ABU DHABI, Increasing number of fatal diseases such as heart attacks and strokes caused by air pollution should be an eye-opener for common people to act against climate change, according to a senior official of the World Health Organisation, WHO.
Such public health issues caused by climate change have to be used effectively to raise awareness about the need to check rising carbon emissions, Dr. Maria Neira, Director of the Department of Public Health, Environmental and Social Determinants of Health at the WHO, told the Emirates News Agency, WAM, on Sunday.
People may consider many other impacts of climate change, such as the melting of glaciers and rising sea levels, as distant phenomena that do not impact their lives, she said in an interview on the sidelines of the Abu Dhabi Climate Meeting.
However, the fact that air pollution causes the premature death of around 7 million people every year will be an eyeopener to common people about the impact of climate change on their lives, she said.
Dr.
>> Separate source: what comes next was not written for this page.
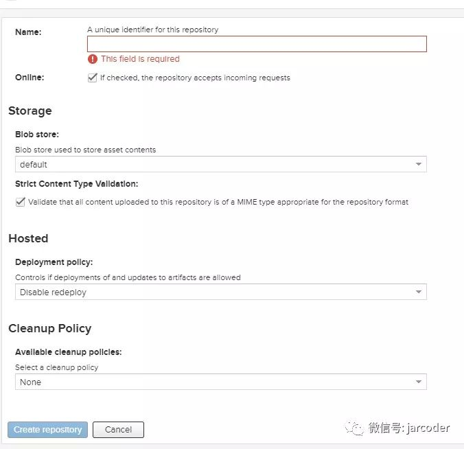 仔细观察会发现,每一种repository都包含三种类型可以创建, group, hosted,proxy。下面分别对每种做说明:
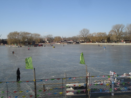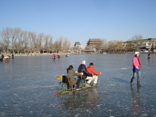 Things have changed a tad at Houhai compared to last year. Everything seems to be a little more organized. Everyone now is now given a small electronic card as opposed to receipts. You still have to pay just to get on the ice (5 RMB, 10 RMB on weekends). Ice skating costs 20 RMB for decent rental skates with a 30 RMB deposit as does the ever popular for couples ice chairing. If you have your own skates then you only need to pay for the park ticket.

Neira was referring to a WHO finding that revealed that exposure to fine particles in polluted air led to heart disease, lung cancer, chronic obstructive pulmonary diseases and respiratory infections, including pneumonia, causing premature deaths across the world.
"When people come to know that air pollution can cause stroke and heart attack, they will act against climate change," she said.
Public awareness is key to building pressure on political leaders to formulate policies and action plans against climate change, Dr Neira said.
An individual can do many things in their life against climate change, she explained. Using nonpolluting transportation modes, such as walking and biking, is one option. Likewise, doing daily exercise and keeping a healthy diet are also important.
"However, one's living environment also plays a major role. If your city does not have a place for exercise or walk and the market does not offer low-calorie food, what can you do?"
Therefore, she explained, the governments have to create sustainable living environments through their policies and action plans.
Dr. Neira said the WHO is receiving support from the UAE leadership in a number of projects. "We are grateful to the Emirates for such support and hosting this climate meeting."